Problem removing new line characters on Mac OS X

Hi, I’m pretty new to Ruby. I’ve got a text file where I need to
remove some new line characters. I’ve tried everything I can think of
to do this with no success, including:

line.gsub!("/r","")
line.gsub!("/n","")
line=line.chomp

I can’t seem to get the new line character to be recognised and dealt
with. Any advice appreciated.

Thanks

On 5/17/07, Singeo [email protected] wrote:

Hi, I’m pretty new to Ruby. I’ve got a text file where I need to
remove some new line characters. I’ve tried everything I can think of
to do this with no success, including:

line.gsub!(“/r”,“”)

             ~~ \r

line.gsub!(“/n”,“”)

            ~~\n

line=line.chomp

I can’t seem to get the new line character to be recognised and dealt
with. Any advice appreciated.

Thanks

try it

On 5/17/07, Singeo [email protected] wrote:

Thanks

line.chomp! doesn’t work?
Would you show some code?

Harry

A Look into Japanese Ruby List in English
http://www.kakueki.com/

Singeo wrote:

Thanks

It looks like you should be using backslashes. If you want to match both
newlines and carriage returns, you can use:

line.gsub!(/[\n\r]/, “”)

-Dan

Singeo wrote:

Hi, I’m pretty new to Ruby.

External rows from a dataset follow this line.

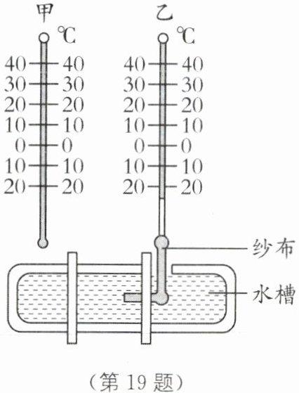 19.对比法(2025·陕西西安雁塔区期末)生活中有一种能反映空气中水蒸气含量的装置叫干湿泡湿度计.湿度大表明空气中水蒸气含量高.如图所示是由两个相同的温度计并列制成的,其中一个温度计被湿布包起来了,湿布放在装有水的水槽中.两个温度计的读数不一样,湿泡温度计的读数较小,这是由于湿布中的水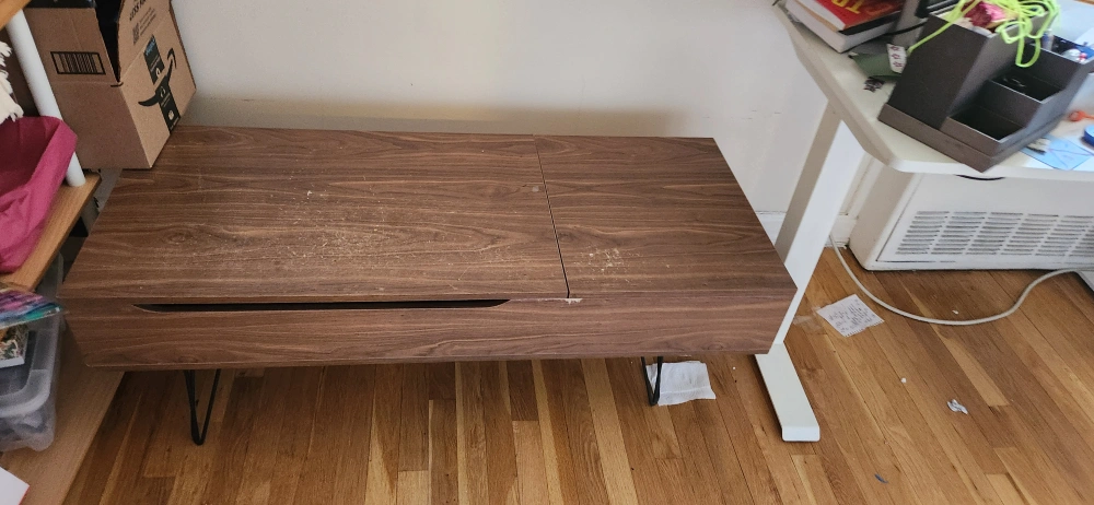 Free lift top coffee table, it is a bit beat up (scratched and chipped corner) but good fixer upper. Had to re-drill the legs myself as well. Pick-up only from second floor walkup, ideally tonight 5/31 or Monday 6/2.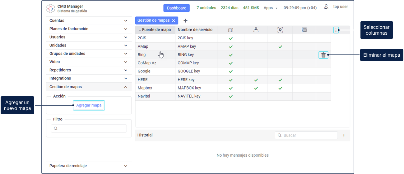 La sección Gestión de mapas está disponible solo en el sistema de gestión CMS Manager para cuentas de nivel superior. En esta sección, puede añadir, modificar y eliminar mapas. La tabla estándar contiene todos los mapas que se pueden utilizar como mapa base, fuente de enrutamiento, fuente de geodatos y de matriz de distancias. En la línea de cada mapa, los servicios disponibles para él están indicados con el icono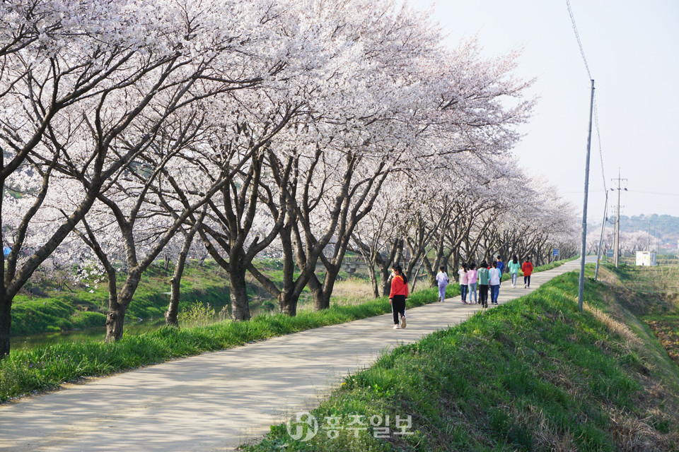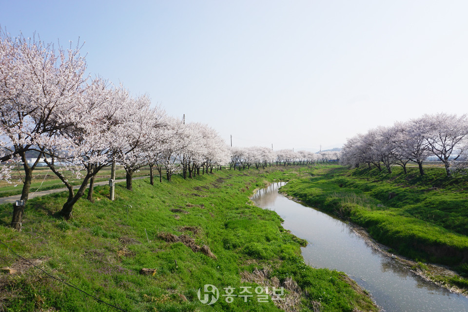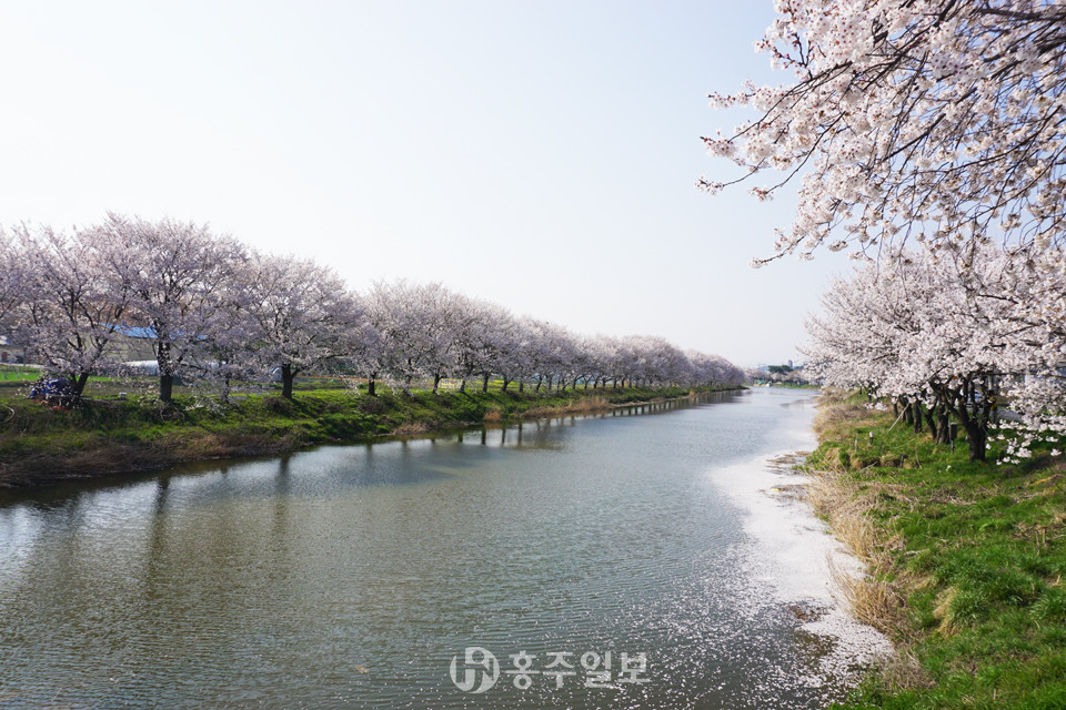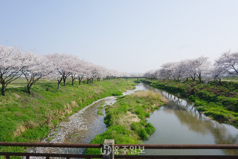 지난 주말 내린 봄비로 많은 봄맞이 벚꽃잎이 떨어져 찰나에 지나간 벚꽃 만개가 아쉬워지던 지난 6일 오후, 약 5km가량 홍동천을 따라 만개한 수백 그루의 하얀 벚꽃이 장관을 이뤘다. 따뜻한 봄바람에 벚꽃잎이 우수수 홍동천 수면 위로 떨어지는 모습에 올해는 유독 짧고도 찬란했던 벚꽃과의 이별이 아쉽게 느껴진다. 20도를 넘어서는 한낮 무더위는 어느덧 여름이 성큼성큼 다가오고 있음을 알린다.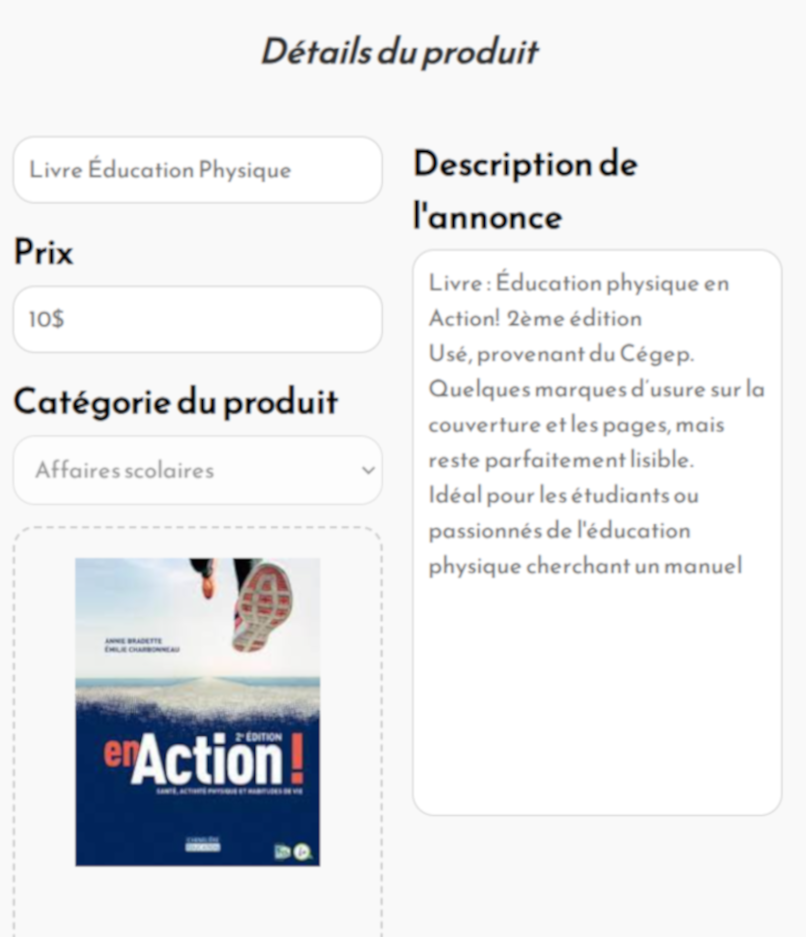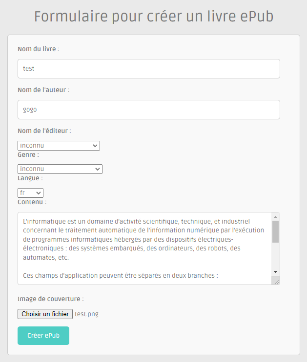 Voici la page de création d'un livre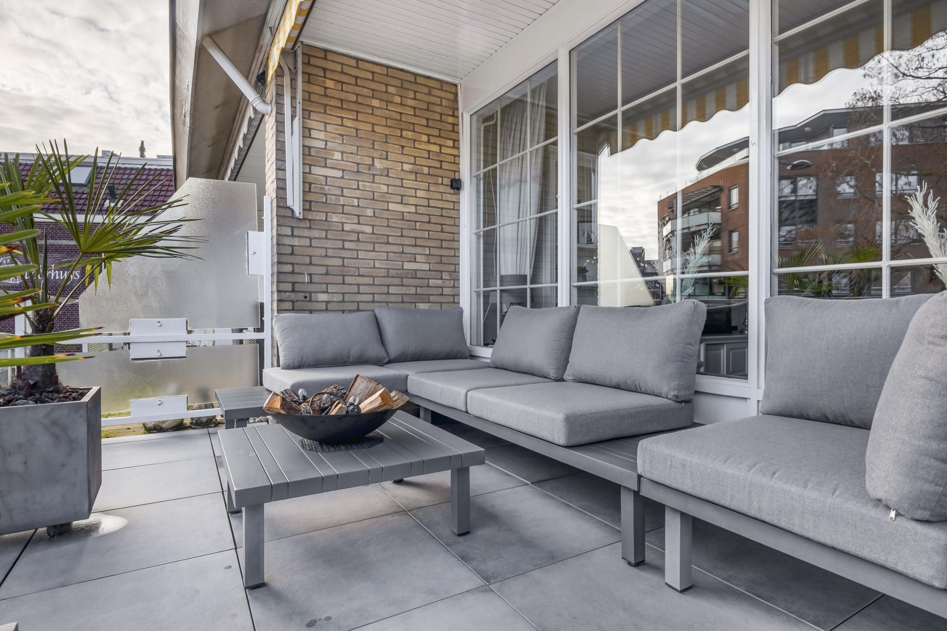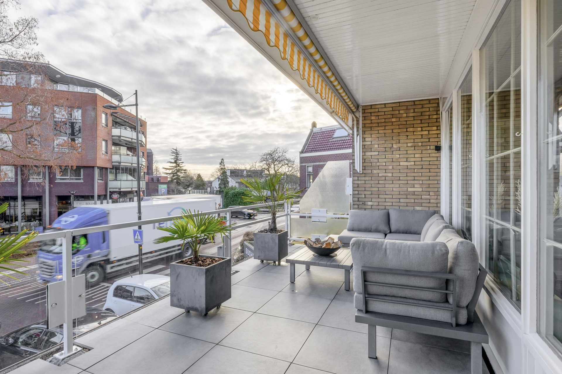 Via de woonkamer stap je direct het balkon op. Met een oppervlakte van circa 17 m² is dit geen standaard balkon, maar echt een verlengstuk van je leefruimte. De ligging op het oosten betekent dat je hier 's ochtends en begin van de middag in het zonnetje zit – ideaal voor een ontbijt buiten of een rustige koffiepauze. De glasbalustrade zorgt voor een ruimtelijk gevoel en een vrij zicht over het centrum.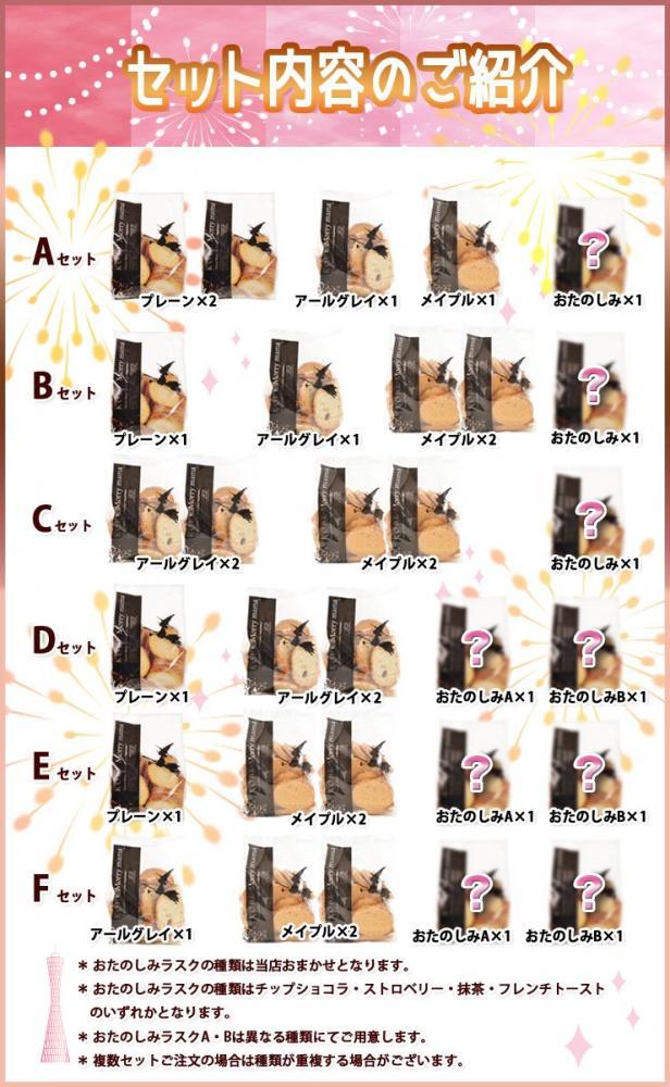 Aのセットでは、プレーン2袋、アールグレイ1袋、メイプル1袋、おたのしみ1袋が入っています。お楽しみラスクの種類は、チップショコラ、ストロベリー、抹茶、フレンチトーストからいずれかが入ります。選ぶことはできず、お店のおまかせです。

I’ve got a text file where I need to
remove some new line characters. I’ve tried everything I can think of
to do this with no success, including:

line.gsub!("/r","")
line.gsub!("/n","")
line=line.chomp

In case your problem is just your Ruby syntax:

  1. Replace the forward slashes (like in “/r”) by
    backward slashes ("\r" in your above mentioned
    solution.

  2. Make the first parameter to the gsub! method
    a Regexp instead of a string. The API docs say:
    “… if it is a String then no regular expression
    metacharacters will be interpreted …”.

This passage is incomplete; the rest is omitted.